# Dehydrating Eggs



## sss3 (Jul 15, 2007)

I know some of you have dried eggs. My understanding is, they can only be used as scrambled eggs or in cooking/baking. How did you dry them? Temp/how long. How long will they keep; if properly sealed. I was going to try someone's tip; of cutting hole in lid, putting elec tape on top of hole. Was there any problem; with running off Teflon?


----------



## praieri winds (Apr 16, 2010)

we dried several dozen of our eggs I will never do it again I recommend buying freeze dried from a reputable dealer it takes too long and makes too much of a mess to do it myself


----------



## Dixie Bee Acres (Jul 22, 2013)

I have dehydrated eggs a few times. Just make scrambled eggs, no milk, and cook with no oil.
Then put in the dehydrator. I don't remember how long, I just checked them after a couple of hours, then every half hour or so till you have a lot of small yellow rocks. If I remember correctly, I thinning I had my nesco set at 135*.
Once they were completely dried, I ran them through the blender till nothing remained but a powder.
I stored the powder in a quart jar in the freezer. It takes 1 tablespoon powder to just over 2 tablespoons of water to equal an egg.


----------



## shellybo (Nov 9, 2013)

I experimented making dehydrated eggs but used the generic form of Eggbeaters. I used these since they were already pasteurized. I just poured the mixture onto my Nesco round fruit roll up trays. Be careful not pour to the rim since when it heats up it will spill over! Leave about an inch of free space on the trays. I used 140 temp ( since eggs were already pasturized).
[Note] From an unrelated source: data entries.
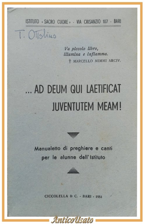AD DEUM QUI LAETIFICAT JUVENTUTEM MEAM Bari Sacro Cuore 1951 manualetto preghier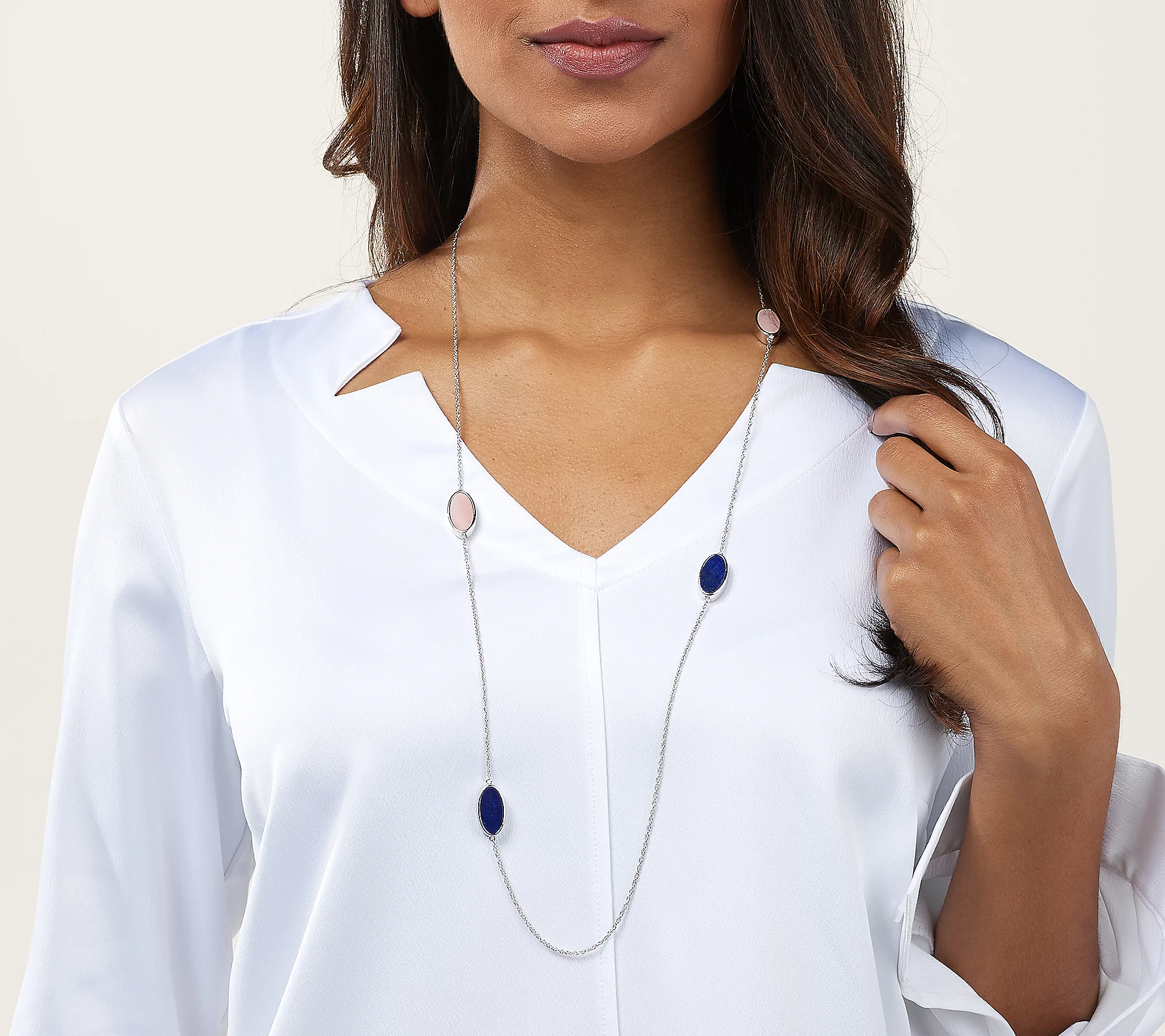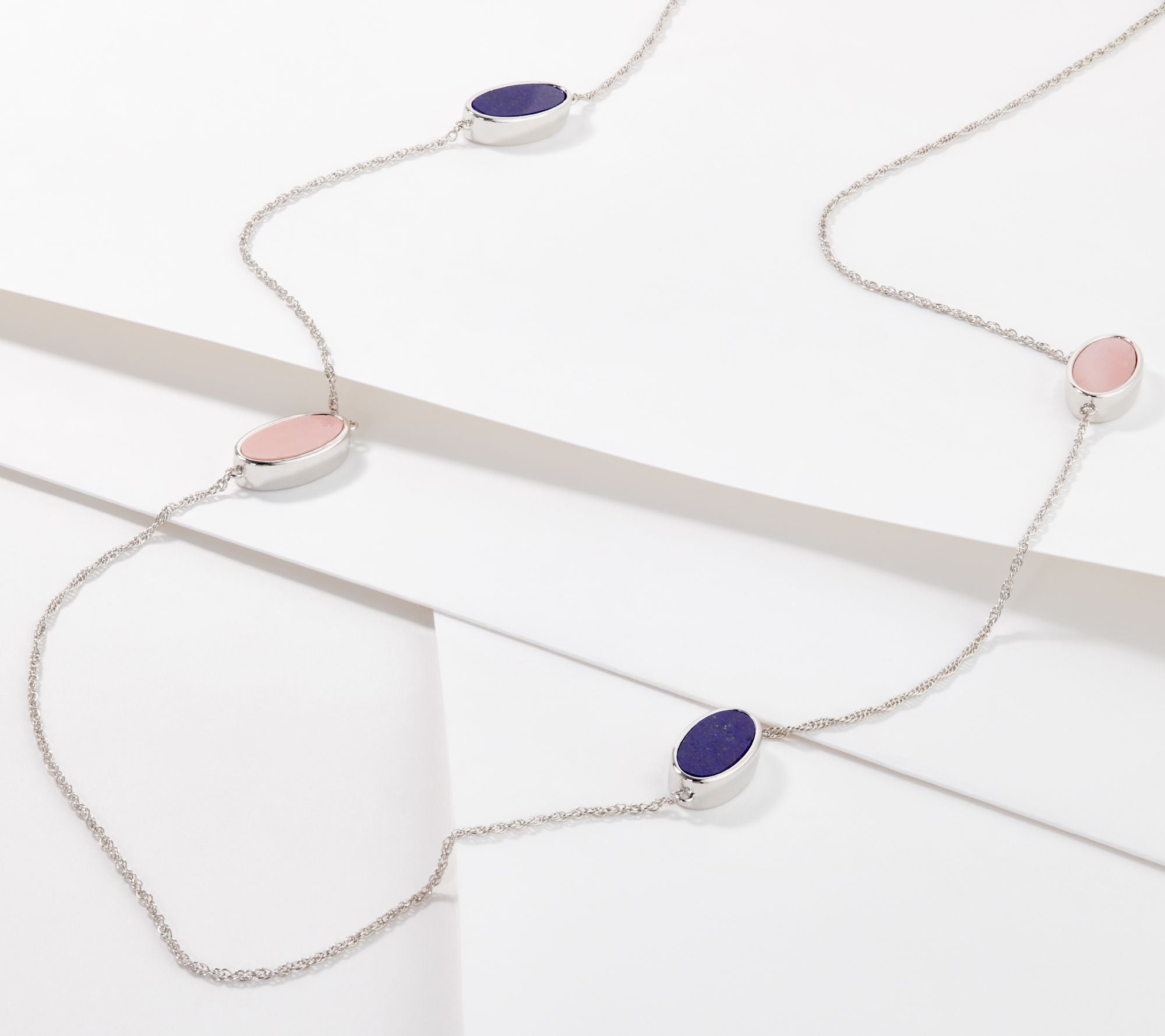 Collar reversible ovalado de plata esterlina con ópalo rosa y lapislázuli de Generation Gems: una hermosa fusión de color y artesanía.
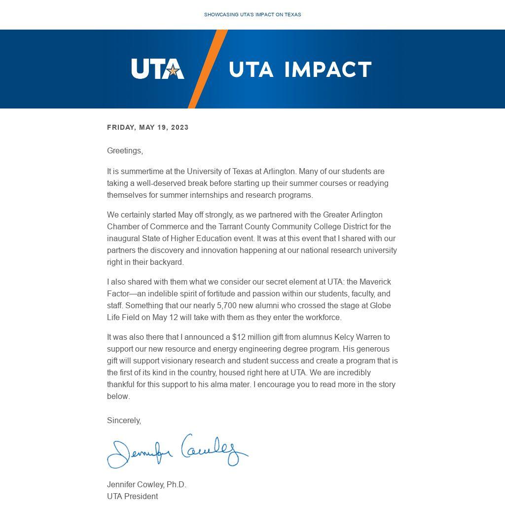 It was also there that I announced a $12 million gift from alumnus Kelcy Warren to support our new resource and energy engineering degree program. His generous gift will support visionary research and student success and create a program that is the first of its kind in the country, housed right here at UTA. We are incredibly thankful for this support to his alma mater. I encourage you to read more in the story below.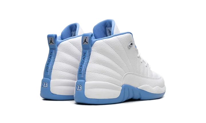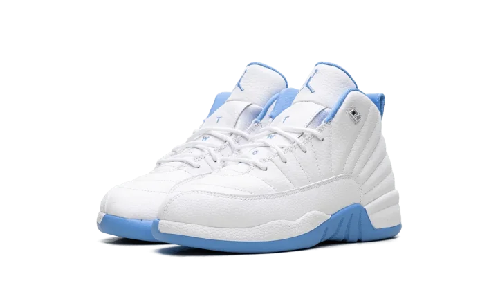 A timeless hoops icon for the youngest fans returns with the Air Jordan 12 Retro PS 'Melo' sneaker! This Preschool edition revives the clean white and University Blue colorway, originally worn by Carmelo Anthony during his rookie year. It features a premium tumbled leather upper with signature radiating stitch lines and a lizard-textured mudguard. With a comfortable foam midsole for lightweight cushioning, this shoe is the perfect way to give your little one a piece of Jordan heritage and Denver Nuggets team colors.

Then you have to stir it on occasion since it will dry from the outside. Once it was fully dry and crispy I just blended it into a powder. To rehydrate take about a heaping tablespoon and add a tiny bit of water until it forms a paste then slowly add more water until it is recontituted , I then let it sit for a few minutes before using. Don't add a lot of water at first or you will get clumps that will not reconstitute. I might try scrambling them first next time since the liquid took a while to dry. They came out tasting like Eggbeaters  After being on the shelf for a few months I noticed a slight ammonia smell ( maybe because I didn't use an oxygen absorber). I still ate them and did not get sick LOL. From 2 cartons of Eggbeaters I had about 1/2 pint of dry powder.


----------